As described above, according to this embodiment, when the AC voltage is applied to the pair of electrodes 12 and 13 having different surface areas, the adsorption electrode 12 can adsorb dust 15 and dust in the ink 1. The large dust 15 that causes clogging and dust are removed from the ink 1. Even if the mesh of the ink filter 4 is small enough to remove dust 15 and dust, the ink filter 4 is not clogged. .

[0029]

As described above, according to the present invention, the ink tank for containing the ink, the ink filter provided in communication with the ink tank, the common ink chamber provided in communication with the ink filter, and the common ink are provided. A plurality of nozzles communicating with the chamber, an ink ejecting portion corresponding to the plurality of nozzles, at least a pair of electrodes having different surface areas provided in the ink tank, and an AC voltage application for applying a voltage to the pair of electrodes having different surface areas By providing the portion, when an AC voltage is applied to the pair of electrodes having different surface areas, the electrode having a small surface area can adsorb ink dust and dust, so that large dust that causes clogging, Dust is removed from the ink, and even if the mesh of the ink filter is small dust and the size is such that dust is removed, the ink filter is clogged. It can be realized Rukoto without ink ejection device.

Further, by making the equivalent diameter of the ink filter smaller than the diameter of the hole of the nozzle, it is possible to realize an ink ejecting device which prevents clogging of the hole of the nozzle.

Further, since at least a part of the pair of electrodes having different surface areas is covered with the dielectric, the electrode does not come into direct contact with the ink in a part of the electrode.

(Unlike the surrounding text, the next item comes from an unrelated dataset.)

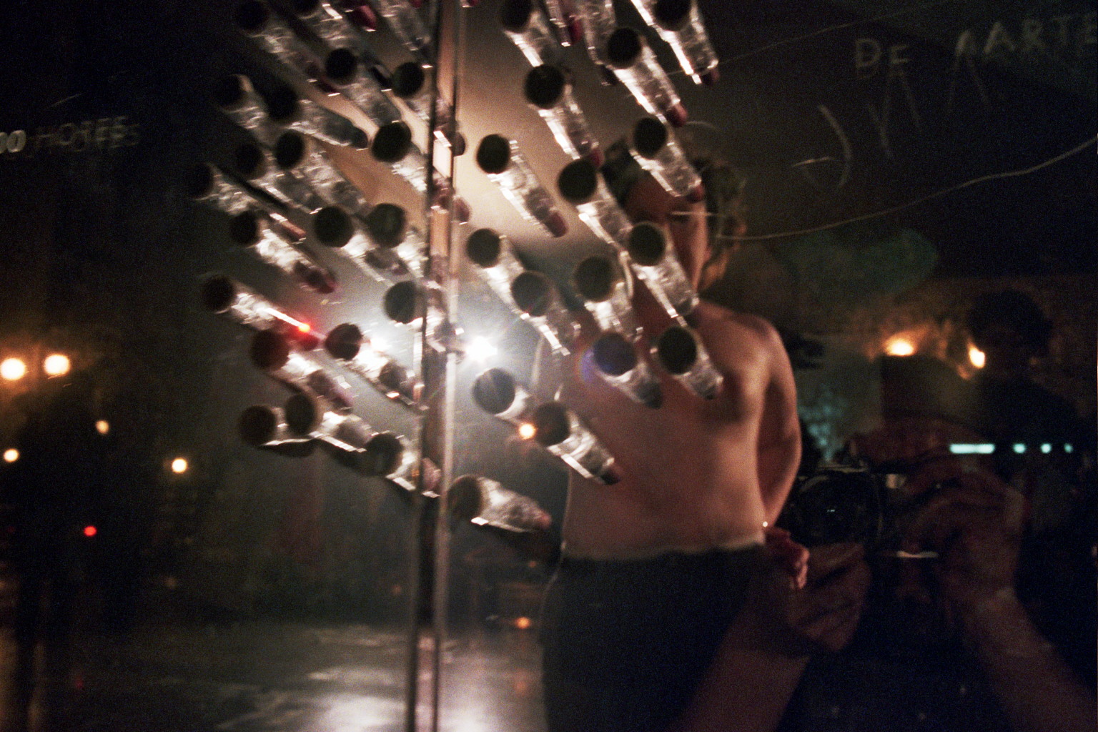 Una vez fijadas todas en la pared, me separo unos diez metros, me quito la camisa, me sujeto las manos a la espalda con unas esposas y me lanzo contra las barras de labios que dejarán en mi pecho una enorme mancha roja.

A discharge device can be realized.

Further, by making the volume resistivity of the dielectric covering the pair of electrodes having different surface areas smaller than that of the ink, the dielectric becomes a substance similar to the electrode when viewed from the ink. It is possible to realize an ink ejection device in which the influence of the dielectric on the generated electric field is small.

[Brief description of drawings]

FIG. 1 is a sectional perspective view showing an ink ejection device according to an embodiment of the present invention.

FIG. 2 is an operation explanatory view for explaining a dust suction operation in one embodiment of the present invention.

FIG. 3 is an operation principle explanatory diagram for explaining the principle of the dust suction operation in the embodiment of the present invention.

FIG. 4 is a perspective view showing an inkjet printer to which an ink ejection device according to an embodiment of the present invention is applied.

FIG. 5 is a partially enlarged view in which a nozzle portion of a conventional ink ejection device is enlarged.

FIG. 6 is a sectional perspective view showing a conventional ink ejection device.

[Explanation of symbols]

 1 Ink 2 Ink Tank 3 Common Ink Chamber 4 Ink Filter 5 Nozzle 6 Heater 7 Voltage Applying Section 8 Switch 9 Printed Surface 10 Ink Drop 11 Ink Replenishing Port 12 Adsorption Electrode 13 Large Electrode 14 AC Voltage Applying Section 15 Garbage 16 Dielectric Film 20 Carriage 21 Guide shaft 22 Platen roller 23 Recording paper A Ink flow B Equipotential line C Electric force lines E1, E2 Electric field strength

Claims (4)

[Claims] 1. An ink tank for containing ink, an ink filter provided in communication with the ink tank, a common ink chamber provided in communication with the ink filter, and a plurality of communication with the common ink chamber. Nozzle, an ink ejecting section corresponding to the plurality of nozzles, at least a pair of electrodes having different surface areas provided in the ink tank, and an AC voltage applying section for applying an AC voltage to the pair of electrodes having different surface areas. An ink ejecting device comprising: 2. The ink ejecting apparatus according to claim 1, wherein the ink filter has an equivalent diameter smaller than a diameter of the hole of the nozzle. 3. The ink ejection device according to claim 1, wherein at least a part of the pair of electrodes having different surface areas is covered with a dielectric. 4. The ink ejection device according to claim 3, wherein the dielectric has a volume resistivity smaller than that of the ink.